Envision dako real envision detection system

Tissue specimens were fixed in 4% neutral buffered formaldehyde solution for 48 h, decalcified by Biodec R (Bio-Optica, Milan, Italy) for 6 h and then routinely processed for paraffin embedding. Six-μm-thick paraffin-embedded tissue sections were deparaffinized and rehydrated with xylene and a graded series of ethyl alcohols, and stained by Haematoxylin and Eosin (H&E), Toluidine Blue or Safranin O.

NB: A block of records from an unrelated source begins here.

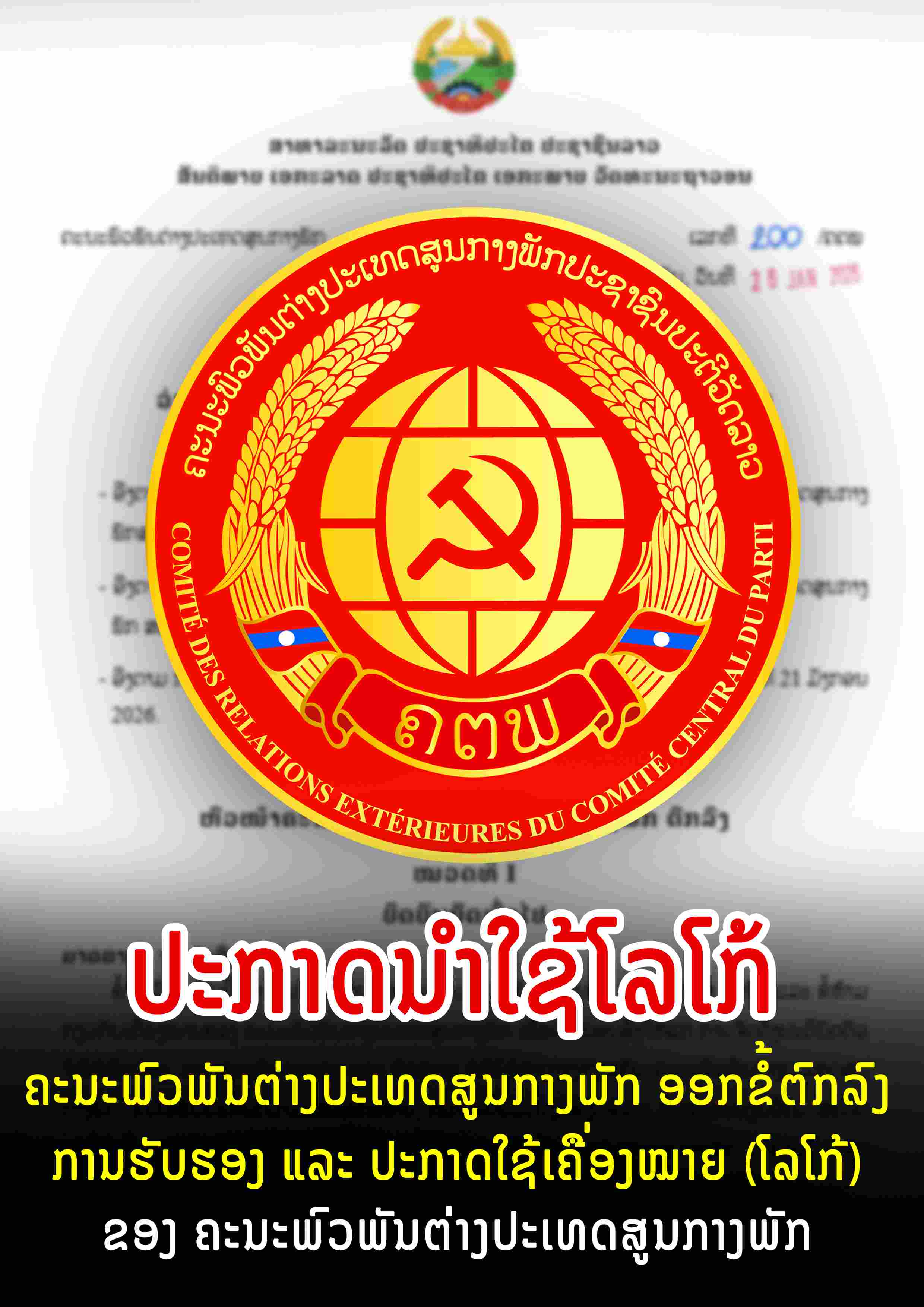 ຄະນະພົວພັນຕ່າງປະເທດສູນກາງພັກ ຮັບຮອງ ແລະ ປະກາດນຳໃຊ້ ເຄື່່ອງໝາຍ (ໂລໂກ້) ຂອງຄະນະພົວພັນຕ່າງປະເທດສູນກາງພັກ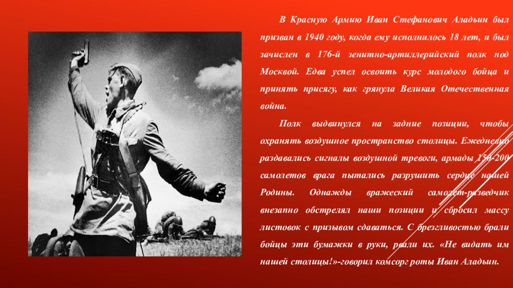 В Красную Армию Иван Стефанович Аладьин был призва н в 1940 году, когда ему исполнилось 18 лет, и был зачислен в 176-й зенитно-артиллерийский полк под Москвой. Едва успел освоить курс молодого бойца и принять присягу, как грянула Великая Отечественная война. Полк выдвинулся на задние позиции, чтобы охранять воздушное пространство столицы. Ежедневно раздавались сигналы воздушной тревоги, армады 150-200 самолетов врага пытались разрушить сердце нашей Родины. Однажды вражеский самолет-разведчик внезапно обстрелял наши позиции и сбросил массу листовок с призывом сдаваться. С брезгливостью брали бойцы эти бумажки в руки, рвали их. «Не видать им нашей столицы!»-говорил комсорг роты И ван Аладьин.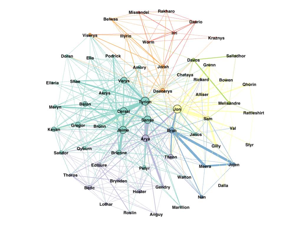 这张图可以清晰地看出原著系列的主要角色。囧雪 Jon 和小恶魔 Tyrion ,Stannis ,Robb ,Robert ,Jamie ,Cersi 的圆圈都很大,而且关系网络密集。相比之下,Robb 和 Edd 就比较小了,而且与他们相似大小的角色还有辣么多,显然他们并不是真主角。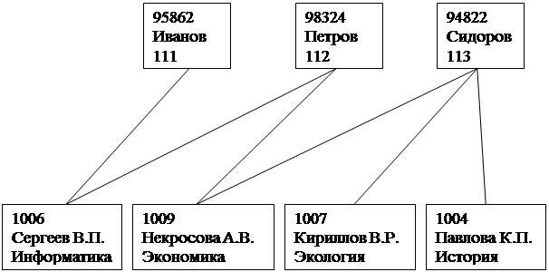 Примером сложной сетевой структуры может служить структура базы данных, содержащей сведения о студентах, участвующих в научно – исследовательских работах (НИР). Возможно участие одного студента в нескольких НИР, а также участие нескольких студентов в разработке одной НИР. Графическое изображение описанной в примере сетевой структуры, состоящей только из двух типов записей, показано на рисунке 4. Единственное отношение представляет собой сложную связь между записями в обоих направлениях.

For immunohistochemistry, deparaffinized and rehydrated slides were incubated with 3% hydrogen peroxide for 30 min to block endogenous peroxidase activity. Antigen retrieval was performed in Citrate buffer pH 6 at 70°C for 10 min (BMP-2 and Decorin) and in 0.3% Tween 20 in 1x PBS at RT for 20 min (TGF-β). Sections were then incubated overnight at 4°C with anti- BMP-2 (ab14933, Abcam, Cambridge, UK; 1:250), anti-TGF-β*****(GTX21279, GeneTex, Irvine, CA, USA; 1:200) or anti-decorin (ab175404, Abcam; 1:400) antibodies. Antigens were visualized by Envision Dako REAL™ EnVision™ Detection System (K5007, Dako, Santa Clara, CA, USA). Sections were counterstained with Mayer’s haematoxylin, dehydrated, and mounted in Biomount HM (Bio-Optica). Healthy bone was used as positive control. Omission of primary antibody and muscle biopsies were used as negative controls.